- **Task to carry out**: From the first line of the data down to the line bearing "最近更新还增加了闹铃功能和小", output every line exactly and include no pictures.

*** Record set ***

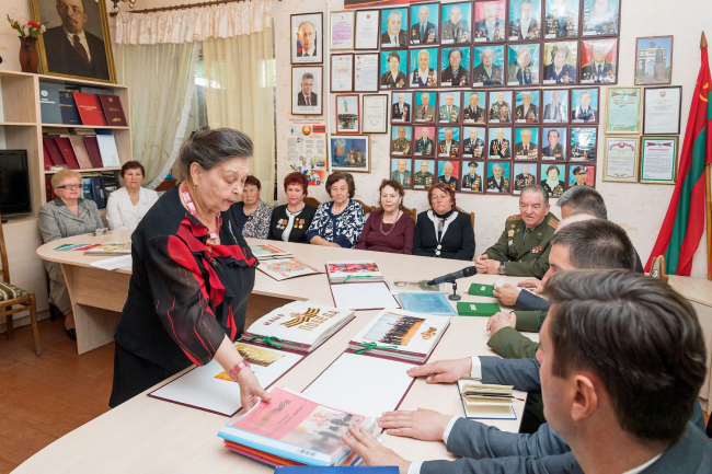 Работа по созданию музея Боевой Славы была начата в 1999 году. Сейчас, кроме большого количества фотоматериалов и других экспонатов, главной ценностью музейного фонда являются достоверные и подробные сведения о тираспольских ветеранах Великой Отечественной войны, а именно их рукописи. Президент рекомендовал сохранить их копии и в электронном формате.
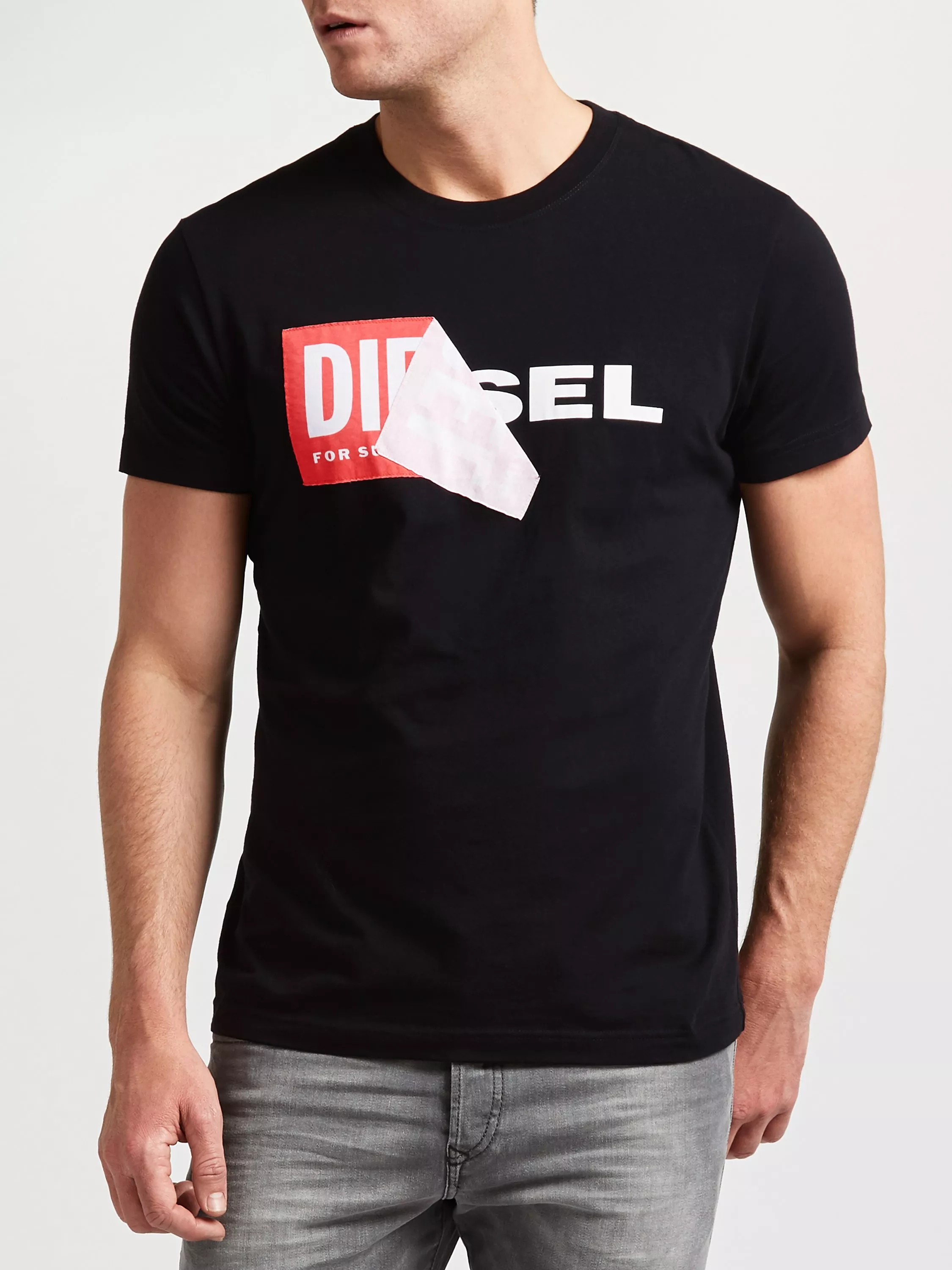 Plotting the evolution of the Diesel logo, this T-Diego T-shirt is emblazoned with the original version in red and and the brand new logo in black underneath.
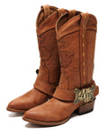 The Outlaw boot has taken inspiration from old famous "outlaws" and how they personalised their boots. The outlaw boot comes with a removable belt with a distressed dipped NW buckle.
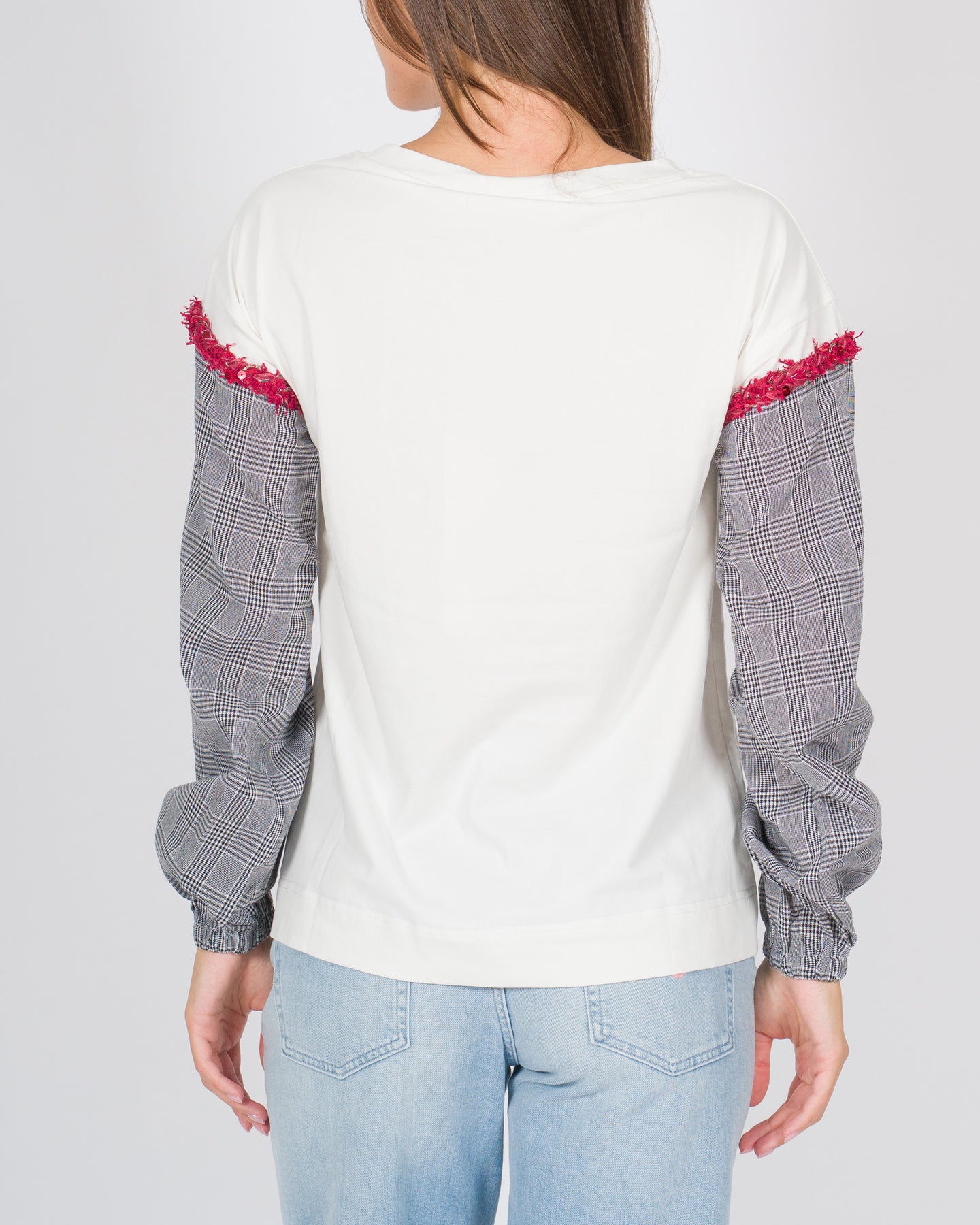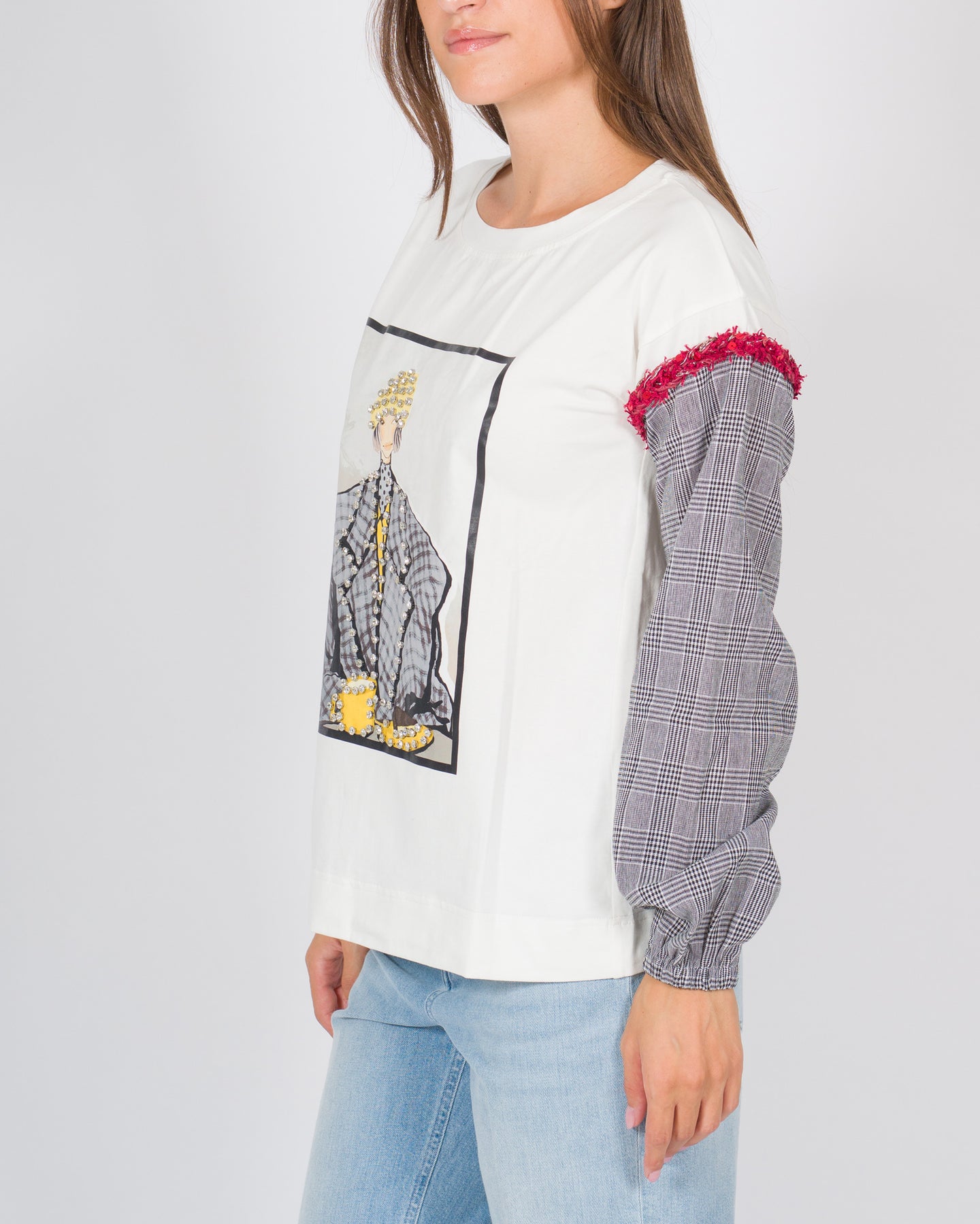 Una rilettura contemporanea della classica T-shirt a maniche lunghe. Il modello combina il comfort del cotone per la parte principale con una manica in tessuto di lana a quadretti, creando un interessante gioco di contrasti. La stampa centrale è arricchita da ricami rossi che aggiungono un tocco artigianale e distintivo. Un capo originale e versatile, perfetto per dare personalità a un look casual.Dettagli:Tessuto principale: cotoneManica in lana a quadrettiColore base: biancoStampa centrale con dettagli ricamati in rossoGirocolloStruttura ibrida: mezza manica in cotone + manica lunga in lanaVestibilità regolare
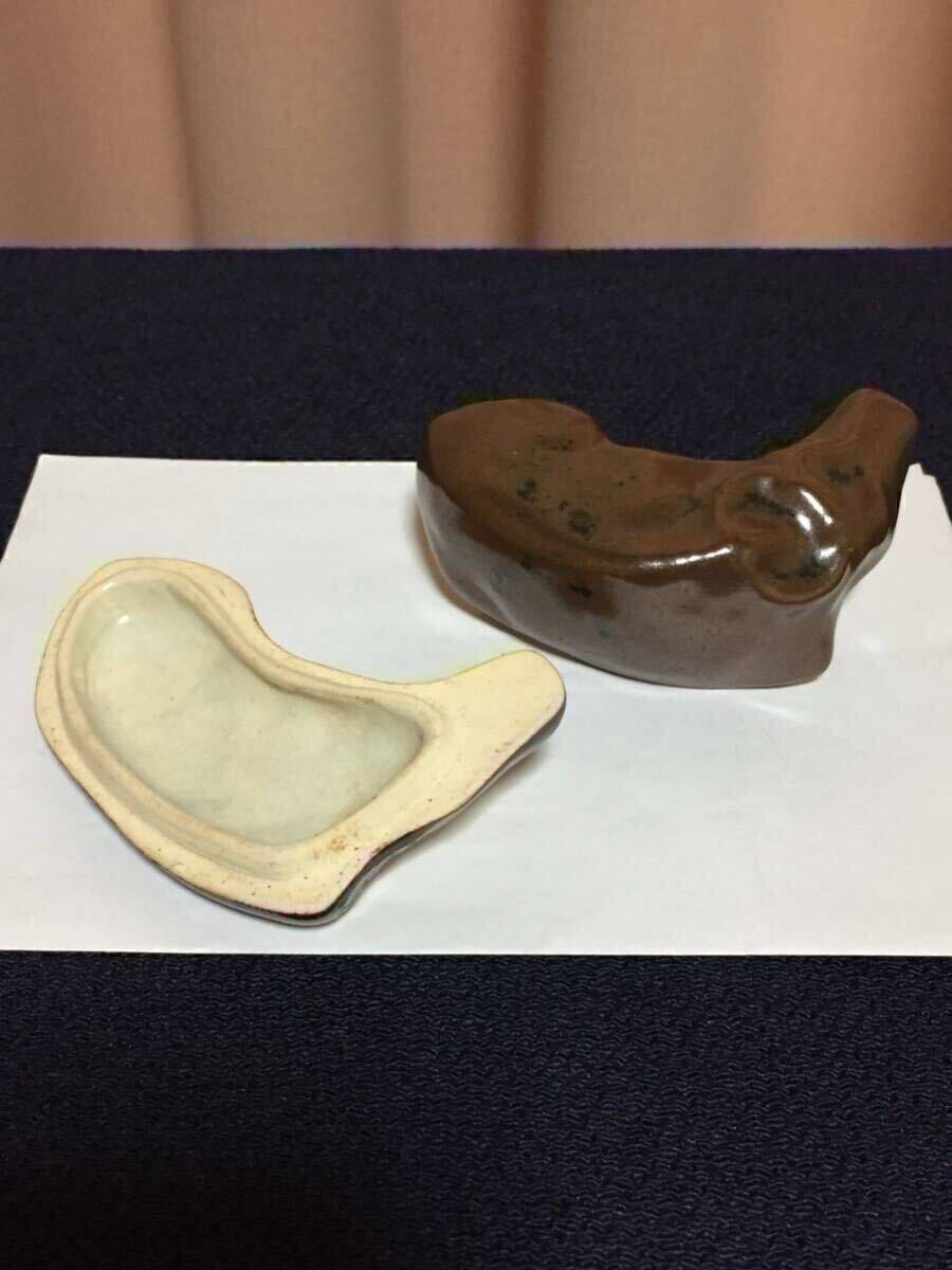 鉄釉なのか 錆色の表面の下から黒色が覗き、金属質の重厚な感覚があり 神秘的です。高取の牛香合に近い味わいの “格” の高い 簡略化された表現が印象的で、古格に溢れた佇まいが 大変に結構だと考えます(作家さんの春秋ついては Web検索が可能です。ぜひご一読ください)。
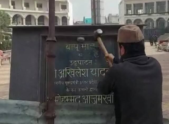 अखिलेश यादव-आजम खां के नाम का शिलापट तोड़ने का मामला गरमाया, सपाईयों में उबाल
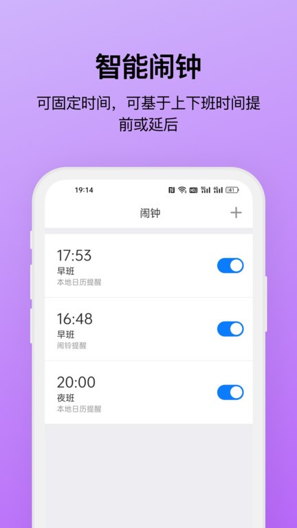 最近更新还增加了闹铃功能和小组件透明模式,这些小细节让我觉得开发者真的很用心。特别是新增的休息时间统计和批量添加闹钟功能,简直是为我量身定做的。总的来说,这个App真的帮了我不少忙,特别是在管理复杂排班表的时候。
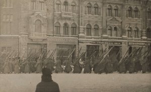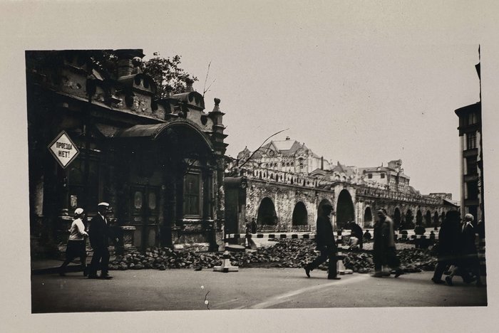 Moscow photos include two photos of the Red Square, photo of the dismantling of the Kitay-gorod wall in Moscow, street view with Sukharev tower in Moscow, demolished in 1934, the photo of the curious wooden sculpture in Alexandrovskiy garden in Moscow, showing the hanged Nicolas II carved into a tree.
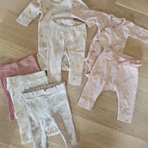 Klespakke til baby i str 68. Inneholder 2 omslagsbodyer (HM & Kappahl) og 4 bodyer fra Hust & Claire, og 3 bukser (Name It, HM og Kappahl)💖 Supersøte!

*** End of Record set ***

- **Exercise output**:
 Работа по созданию музея Боевой Славы была начата в 1999 году. Сейчас, кроме большого количества фотоматериалов и других экспонатов, главной ценностью музейного фонда являются достоверные и подробные сведения о тираспольских ветеранах Великой Отечественной войны, а именно их рукописи. Президент рекомендовал сохранить их копии и в электронном формате.
 Plotting the evolution of the Diesel logo, this T-Diego T-shirt is emblazoned with the original version in red and and the brand new logo in black underneath.
 The Outlaw boot has taken inspiration from old famous "outlaws" and how they personalised their boots. The outlaw boot comes with a removable belt with a distressed dipped NW buckle.
 Una rilettura contemporanea della classica T-shirt a maniche lunghe. Il modello combina il comfort del cotone per la parte principale con una manica in tessuto di lana a quadretti, creando un interessante gioco di contrasti. La stampa centrale è arricchita da ricami rossi che aggiungono un tocco artigianale e distintivo. Un capo originale e versatile, perfetto per dare personalità a un look casual.Dettagli:Tessuto principale: cotoneManica in lana a quadrettiColore base: biancoStampa centrale con dettagli ricamati in rossoGirocolloStruttura ibrida: mezza manica in cotone + manica lunga in lanaVestibilità regolare
 鉄釉なのか 錆色の表面の下から黒色が覗き、金属質の重厚な感覚があり 神秘的です。高取の牛香合に近い味わいの “格” の高い 簡略化された表現が印象的で、古格に溢れた佇まいが 大変に結構だと考えます(作家さんの春秋ついては Web検索が可能です。ぜひご一読ください)。
 अखिलेश यादव-आजम खां के नाम का शिलापट तोड़ने का मामला गरमाया, सपाईयों में उबाल
 最近更新还增加了闹铃功能和小组件透明模式,这些小细节让我觉得开发者真的很用心。特别是新增的休息时间统计和批量添加闹钟功能,简直是为我量身定做的。总的来说,这个App真的帮了我不少忙,特别是在管理复杂排班表的时候。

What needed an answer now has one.